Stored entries
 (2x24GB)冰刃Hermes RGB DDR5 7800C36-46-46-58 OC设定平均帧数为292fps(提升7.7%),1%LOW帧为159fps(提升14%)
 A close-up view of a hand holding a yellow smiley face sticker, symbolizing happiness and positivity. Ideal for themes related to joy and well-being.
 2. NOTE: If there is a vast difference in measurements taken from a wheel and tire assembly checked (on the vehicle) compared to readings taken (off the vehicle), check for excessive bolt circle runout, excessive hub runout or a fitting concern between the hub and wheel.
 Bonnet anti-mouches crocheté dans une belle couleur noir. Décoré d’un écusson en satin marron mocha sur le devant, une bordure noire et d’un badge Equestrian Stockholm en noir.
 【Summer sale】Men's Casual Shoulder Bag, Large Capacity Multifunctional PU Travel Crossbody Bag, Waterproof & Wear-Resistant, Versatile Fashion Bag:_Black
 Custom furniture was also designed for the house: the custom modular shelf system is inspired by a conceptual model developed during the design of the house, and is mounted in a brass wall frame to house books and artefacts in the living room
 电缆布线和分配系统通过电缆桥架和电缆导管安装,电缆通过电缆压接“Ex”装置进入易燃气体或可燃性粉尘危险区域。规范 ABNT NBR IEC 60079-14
...
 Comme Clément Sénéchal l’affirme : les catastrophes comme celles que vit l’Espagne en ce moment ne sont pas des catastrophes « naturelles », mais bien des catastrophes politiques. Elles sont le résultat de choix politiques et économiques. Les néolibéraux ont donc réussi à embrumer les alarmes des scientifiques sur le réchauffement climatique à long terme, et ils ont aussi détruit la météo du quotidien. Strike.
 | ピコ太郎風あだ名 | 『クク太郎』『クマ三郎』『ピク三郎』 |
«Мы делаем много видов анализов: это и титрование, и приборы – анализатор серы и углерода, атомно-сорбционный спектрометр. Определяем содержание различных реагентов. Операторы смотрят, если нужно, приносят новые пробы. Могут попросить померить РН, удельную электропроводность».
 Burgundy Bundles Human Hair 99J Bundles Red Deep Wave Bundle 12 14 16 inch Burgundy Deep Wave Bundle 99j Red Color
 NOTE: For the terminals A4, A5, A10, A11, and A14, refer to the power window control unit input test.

What needs to be done >>
Produce only the lines from the line containing "Versatile Fashion Bag:_Black" through the line containing "NBR IEC 60079-14", inclusive of both, exactly as they stand in the entries above.

Exercise result >>
 【Summer sale】Men's Casual Shoulder Bag, Large Capacity Multifunctional PU Travel Crossbody Bag, Waterproof & Wear-Resistant, Versatile Fashion Bag:_Black
 Custom furniture was also designed for the house: the custom modular shelf system is inspired by a conceptual model developed during the design of the house, and is mounted in a brass wall frame to house books and artefacts in the living room
 电缆布线和分配系统通过电缆桥架和电缆导管安装,电缆通过电缆压接“Ex”装置进入易燃气体或可燃性粉尘危险区域。规范 ABNT NBR IEC 60079-14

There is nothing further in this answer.